Uma parte da mureta de proteção do elevado da Avenida Miguel Rosa, na zona sul de Teresina, se desprendeu da estrutura na manhã desta quinta-feira (18). O incidente motivou uma vistoria técnica do Conselho Regional de Engenharia e Agronomia do Piauí (CREA-PI), que avaliou as causas do problema e possíveis riscos à segurança de quem trafega pelo local.
Em entrevista ao GP1, o presidente do CREA-PI, Hércules Medeiros, explicou que a análise preliminar indica que o desprendimento do bloco de concreto pode ter sido provocado pelo impacto de um veículo de grande porte, embora a peça já pudesse apresentar comprometimento anterior.
“A gente veio inicialmente verificar o que pode ter causado o desprendimento desse bloco de concreto que faz parte da mureta. Fizemos uma inspeção tanto da peça que caiu quanto da estrutura, inclusive com o uso de drone, e verificamos que houve, aparentemente, o atrito de um veículo de grande porte com a mureta, o que causou essa queda”, afirmou.
Segundo Medeiros, existe a hipótese de que a mureta já estivesse parcialmente solta antes do impacto, em razão de problemas estruturais no acesso ao elevado. “A gente imagina que esse desprendimento possa ter ocorrido porque essa peça já não estava totalmente presa ao tabuleiro, possivelmente por conta do desnível existente entre o tabuleiro e o acesso. Quando houve o contato com o veículo de grande porte, a peça acabou caindo”, explicou.
O presidente do CREA-PI alertou ainda para a identificação de outra mureta com sinais semelhantes de deslocamento no lado oposto do elevado, o que amplia a preocupação técnica. “Isso gera uma nova preocupação, porque do outro lado também foi identificada uma peça com indícios do mesmo problema. Essa peça é maior, com cerca de dois metros, e tem a função de impedir que um veículo, ao perder o controle, saia da pista. A partir do momento em que essa peça perde sua função estrutural, o risco de um acidente grave ou até fatal aumenta”, destacou.

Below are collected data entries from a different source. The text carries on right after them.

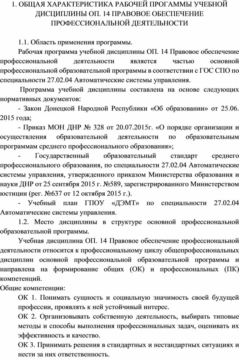 Рабочая программа учебной дисциплины ОП. 14 Правовое обеспечение профессиональной деятельности является частью основной профессиональной образовательной программы в соответствии с ГОС СПО по специальности 27.02.04 Автоматические системы управления.
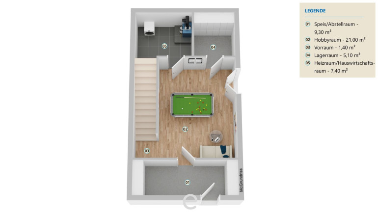 Das Kellergeschoss bietet zusätzlichen Stauraum sowie vielseitig nutzbare Räume, beispielsweise als Hobby-, Fitness- oder Lagerraum, wie es auch vom derzeitigen Eigentümer genutzt wurde. Technik- und Versorgungsräume sind ebenfalls hier untergebracht.
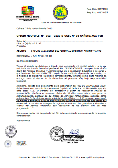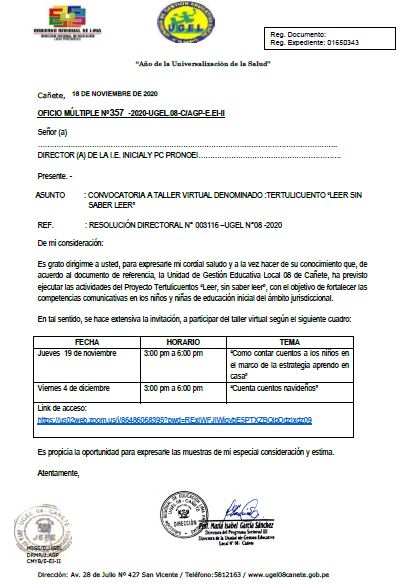 OFICIO MÚLTIPLE Nº -2020-UGEL.08-C/AGP-E.EI-II
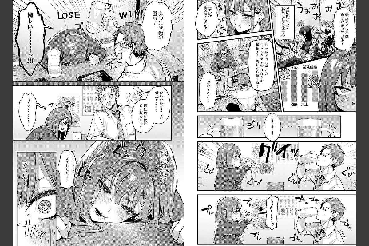 巨乳OL・犬上結奈と同僚の猿島は、喧嘩ばかりの犬猿の仲……だったが、ある夜の出来事をきっかけにお付き合い中♪恋人になった後もライバル同士の二人は、仕事でもプライベートでも、常に真剣勝負。負けが続いていた犬上は、逆転を狙い、猿島に勝負を申し込む。「セックスで勝負よ!」彼女は勝ちたい一心で、容赦ないフェラチオ・本気騎乗位で猿島の弱点を責め立てる!! 受け身ばかりではいられない猿島は、犬上にたっぷりお返しをして──!! レジェンドオブ積極女子・だにまる先生が描く、同僚カップルのイかせ・イかされセックス対決☆
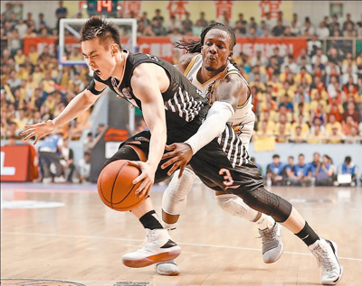 4月17日,遼寧隊球員趙繼偉(左)突破廣廈隊球員福特森的防守。dY8安康新聞網
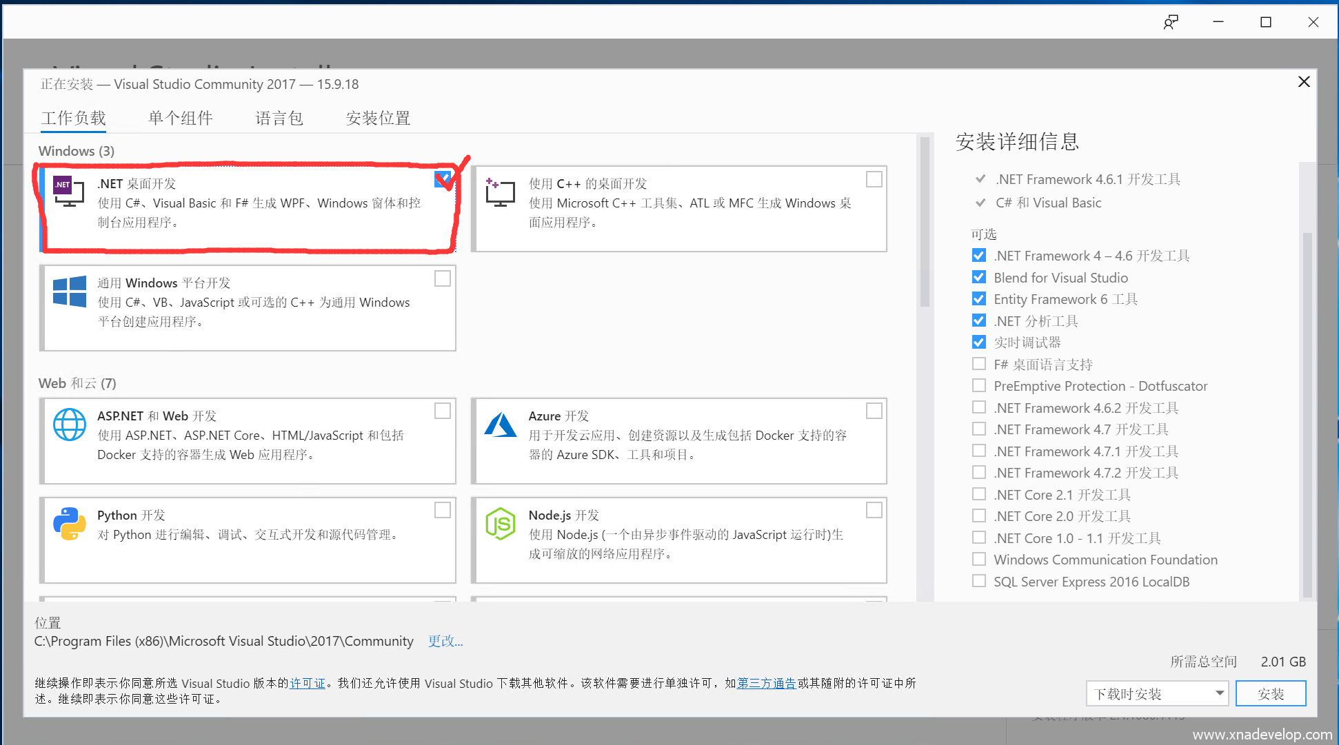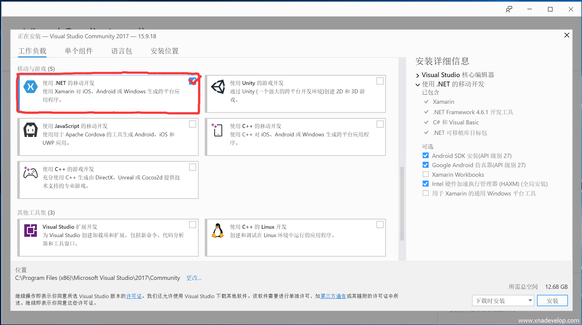 C#开发跨平台游戏——安装Visual Studio 2017

Apesar do alerta, Medeiros afirmou que, até o momento, não há risco de colapso da estrutura do viaduto, mas reforçou a necessidade de intervenções. “Não existe, pelo menos preliminarmente, risco de colapso da estrutura do viaduto. O que preocupa são essas muretas, que podem vir a se soltar. Durante a manutenção, a interdição é algo natural e deve durar pouco tempo. O que precisa ser avaliado com cuidado é quais blocos precisarão ser substituídos. Esse estudo será feito de forma séria e aprofundada, em diálogo com os órgãos responsáveis, para que a solução ocorra da maneira mais célere possível”,concluiu.
Desnível
O CREA-PI também acompanha estudos que apontam um desnível de quase 15 centímetros no viaduto, atribuído preliminarmente a um recalque no acesso da estrutura, fator que pode comprometer o nivelamento da pista ao longo do tempo.